Again, Plaintiff fails to allege facts which indicate that Defendants Shafer and Themins were responsible for Plaintiff's referral from CDCR to DMH. Based on their alleged conduct, Defendants Shafer and Themins are not responsible for Plaintiff's continued retention at CSH. Johnson v. Duffy, 588 F.2d 740, 743 (9th Cir. 1978); see Leer v. Murphy, 884 F.3d 628, 644 (9th Cir. 1988) (when determining causation, court "must take a very individualized approach which accounts for duties, discretion, and means of each defendant."). Thus, Plaintiff fails to state a due process claim against Defendants Shafer and Themins.
C. Equal Protection
Plaintiff alleges that Defendants are treating Plaintiff differently than other similarly situated patients, namely that all other similarly situated patients receive current diagnoses of dangerousness.
"The Equal Protection Clause of the Fourteenth Amendment provides that no State shall 'deny to any person within its jurisdiction the equal protection of the laws,' which is essentially a direction that all persons similarly situated should be treated alike." City of Cleburne v. Cleburne Living Center, 473 U.S. 432, 439 (1985) (quoting Plyer v. Doe, 457 U.S. 202, 216 (1982)). As stated above regarding due process, it is the responsibility of DMH and the independent professionals to determine whether Plaintiff should be committed. Defendants Shafer, Themins, and Jones do not appear to have responsibility for his commitment proceedings. Plaintiff alleges no facts which demonstrate that Defendants discriminated against Plaintiff in comparison to other similarly situated individuals, other than conclusory statements. Plaintiff thus fails to state a claim against Defendants.
Patients who have been committed as SVPs are entitled to periodic review as to whether they currently meet the definition of an SVP. Cal. Welf. & Inst. Code § 6605(a). Such review is not applicable to individuals such as Plaintiff, who had been referred for commitment evaluation only and not yet committed. The state cases cited by Plaintiff are unavailing. They do not pertain to individuals such as Plaintiff, those who were referred for commitment evaluation.
IV. Conclusion and Recommendation
Plaintiff fails to state a claim against any Defendants. The Court does not find that Plaintiff will be able to amend his complaint to state a claim. Thus, further leave to amend will not be granted.

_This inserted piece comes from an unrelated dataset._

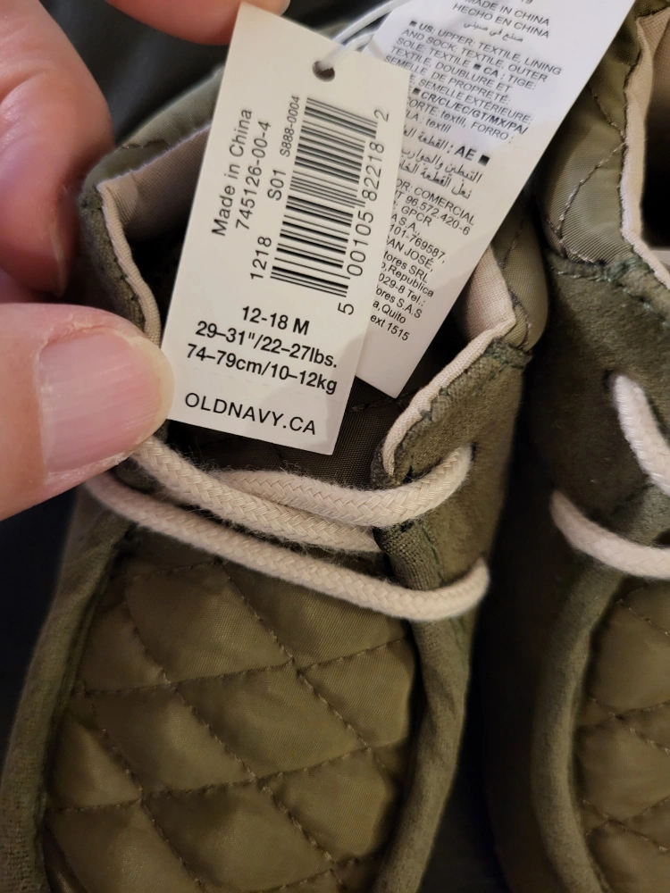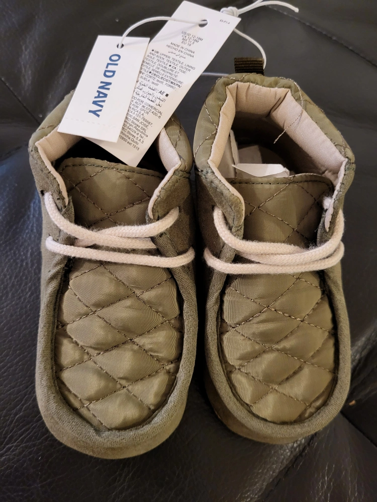 573Adorable olive green baby shoes. Soft quilted material. Size 12-18 months (29-31/22 lbs, 74-79cm/10-12kg). Non-slip soles. New with tags.

Accordingly, it is HEREBY RECOMMENDED that this action be dismissed with prejudice for failure to state a claim upon which relief may be granted under 42 U.S.C. § 1983.
These Findings and Recommendations will be submitted to the United States District Judge assigned to the case, pursuant to the provisions of 28 U.S.C. § 636(b)(1). Within fourteen (14) days after being served with these Findings and Recommendations, Plaintiff may file written objections with the Court. The document should be captioned "Objections to Magistrate Judge's Findings and Recommendations." Plaintiff is advised that failure to file objections within the specified time may waive the right to appeal the District Court's order. Martinez v. Ylst, 951 F.2d 1153, 1157 (9th Cir. 1991). IT IS SO ORDERED.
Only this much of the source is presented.